I have the following problem. I am trying to propagate multiple outputs out of my network which are scalars, for example, latency or memory consumption of respective layers in addition to the output itself. These outputs I would then like to add to the main loss, let’s say cross-entropy.
With a single GPU, I am using a
@dataclass to accumulate the respective scalar layer outputs in an accumulator that I then add to the loss, which contents I add to the main loss. However, I do have multiple GPUs that I could utilise for training and I am not sure how to propage the respective scalars and combine them such that I could use
.backward(). Any help is much appreciated. Thanks.
If you are using
nn.DataParallel the model will be replicated to each GPU and each model will get a chunk of your input batch.
The output will be gathered on the default device, so most likely you wouldn’t have to change anything.

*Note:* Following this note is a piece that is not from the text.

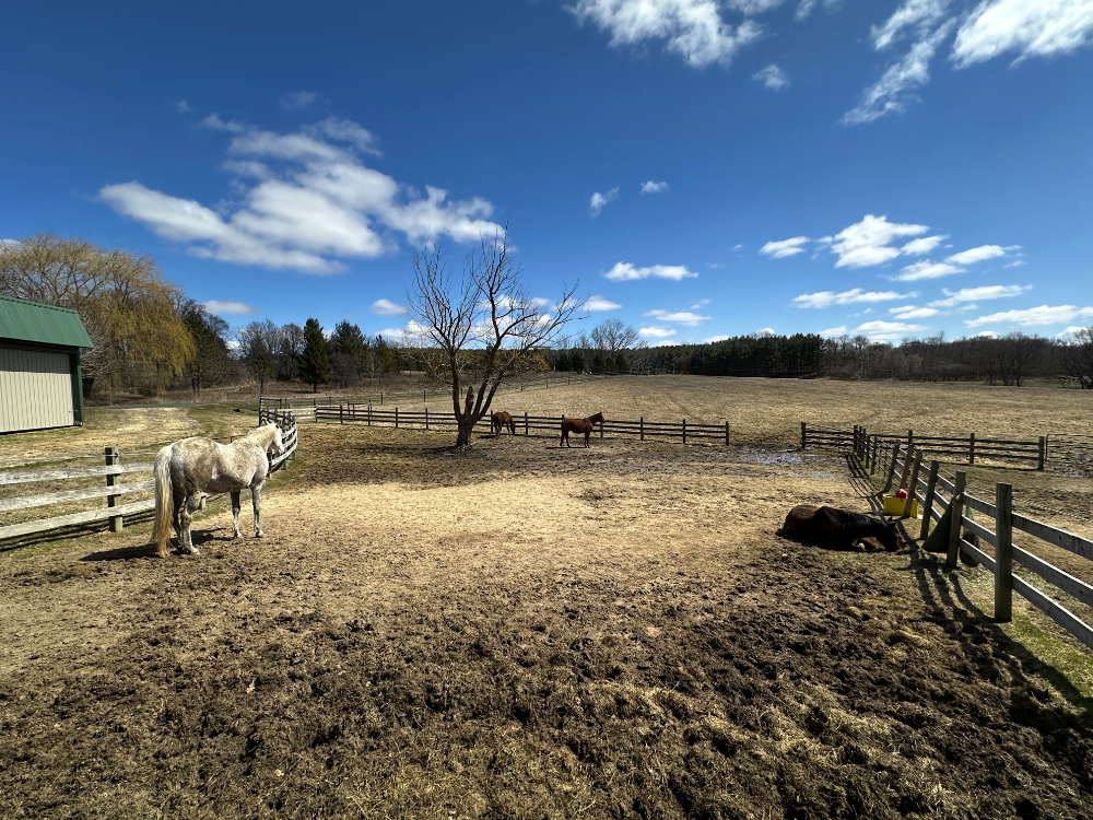 Now the horses can rub against a wider span of the bumpy braid when the rain blankets we just put on them again become bothersome.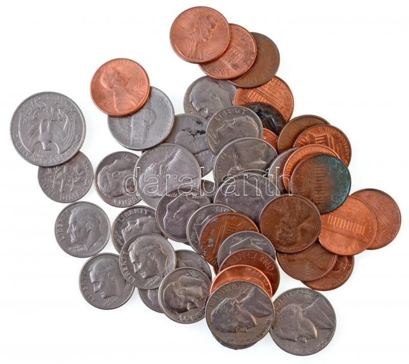 Amerikai Egyesült Államok 48db-os fémpénz tétel, nagyrészt különféle évjárat illetve verdejel T:1--d3

However, I’m not sure about the use case.
How are you calculating the memory consumption and is this operation differentiable?
I assume it’s not differentiable so that your accumulated loss will in fact just be the
Thank you for getting back to me. I forgot to mention that the scalars are multiplied by a parameter that I would like to learn (I am experimenting with neural architecture search).
When I did some small-scale experiments, I did not observe any errors so it has to be my implementation that is wrong, nevertheless, thank you for your clarification.